**Task item**
Please take the records that follow and repeat exactly the lines starting with the line with "SOUTH ENTRANCE TO" and going on through the line with "routing rules |".

**Input**
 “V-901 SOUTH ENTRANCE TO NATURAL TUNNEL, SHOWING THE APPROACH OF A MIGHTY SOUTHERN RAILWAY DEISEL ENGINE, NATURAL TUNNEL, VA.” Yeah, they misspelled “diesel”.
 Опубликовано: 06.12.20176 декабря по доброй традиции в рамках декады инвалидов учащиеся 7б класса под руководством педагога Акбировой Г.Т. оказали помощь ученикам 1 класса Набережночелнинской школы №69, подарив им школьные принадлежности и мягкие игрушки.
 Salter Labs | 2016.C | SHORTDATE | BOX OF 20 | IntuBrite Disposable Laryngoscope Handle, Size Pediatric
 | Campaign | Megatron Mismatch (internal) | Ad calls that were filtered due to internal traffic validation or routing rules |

...

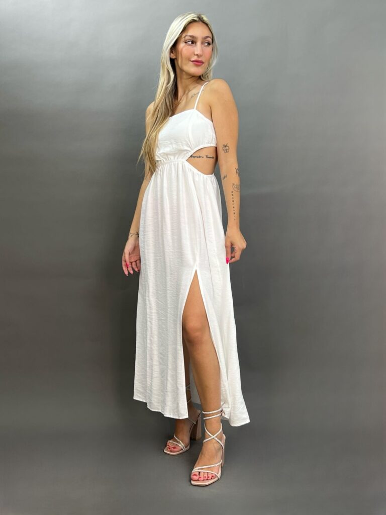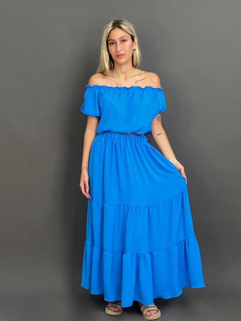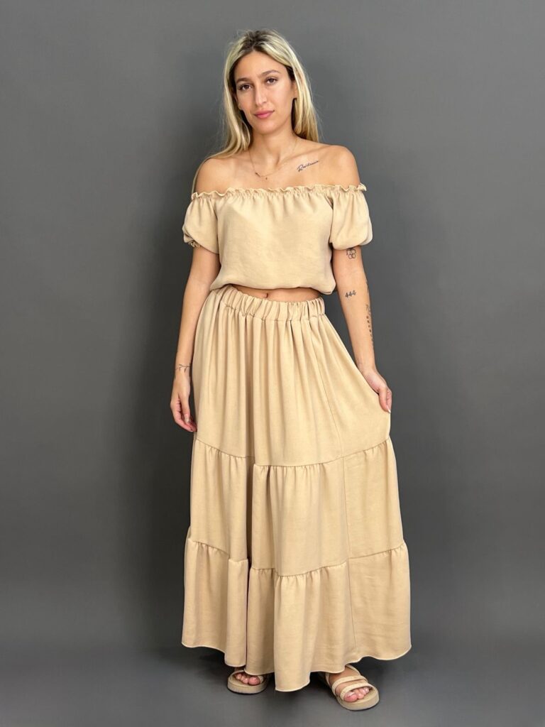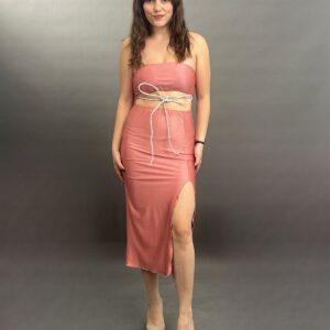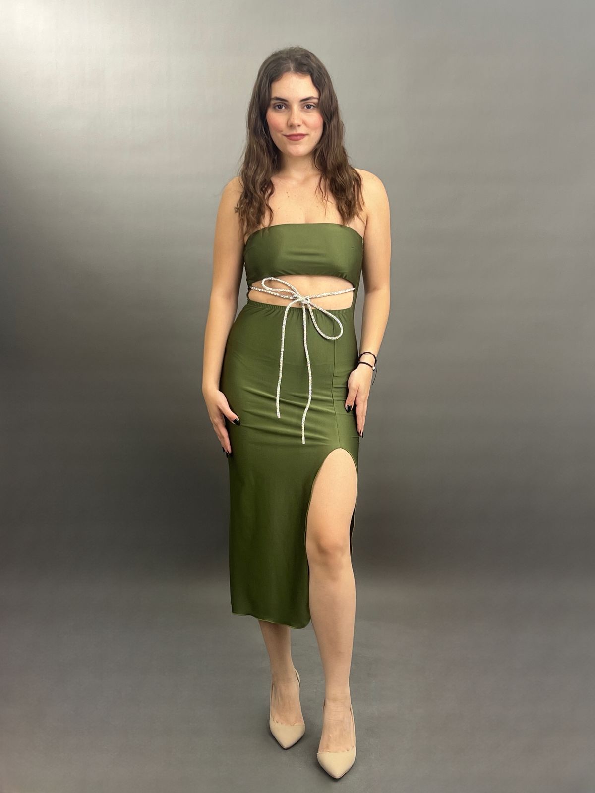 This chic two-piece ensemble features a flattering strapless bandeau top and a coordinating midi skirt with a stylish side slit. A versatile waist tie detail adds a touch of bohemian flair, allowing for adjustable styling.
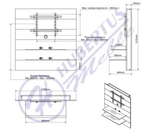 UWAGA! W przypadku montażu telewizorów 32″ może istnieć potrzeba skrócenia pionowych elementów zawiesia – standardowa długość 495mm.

**Answer box**
 “V-901 SOUTH ENTRANCE TO NATURAL TUNNEL, SHOWING THE APPROACH OF A MIGHTY SOUTHERN RAILWAY DEISEL ENGINE, NATURAL TUNNEL, VA.” Yeah, they misspelled “diesel”.
 Опубликовано: 06.12.20176 декабря по доброй традиции в рамках декады инвалидов учащиеся 7б класса под руководством педагога Акбировой Г.Т. оказали помощь ученикам 1 класса Набережночелнинской школы №69, подарив им школьные принадлежности и мягкие игрушки.
 Salter Labs | 2016.C | SHORTDATE | BOX OF 20 | IntuBrite Disposable Laryngoscope Handle, Size Pediatric
 | Campaign | Megatron Mismatch (internal) | Ad calls that were filtered due to internal traffic validation or routing rules |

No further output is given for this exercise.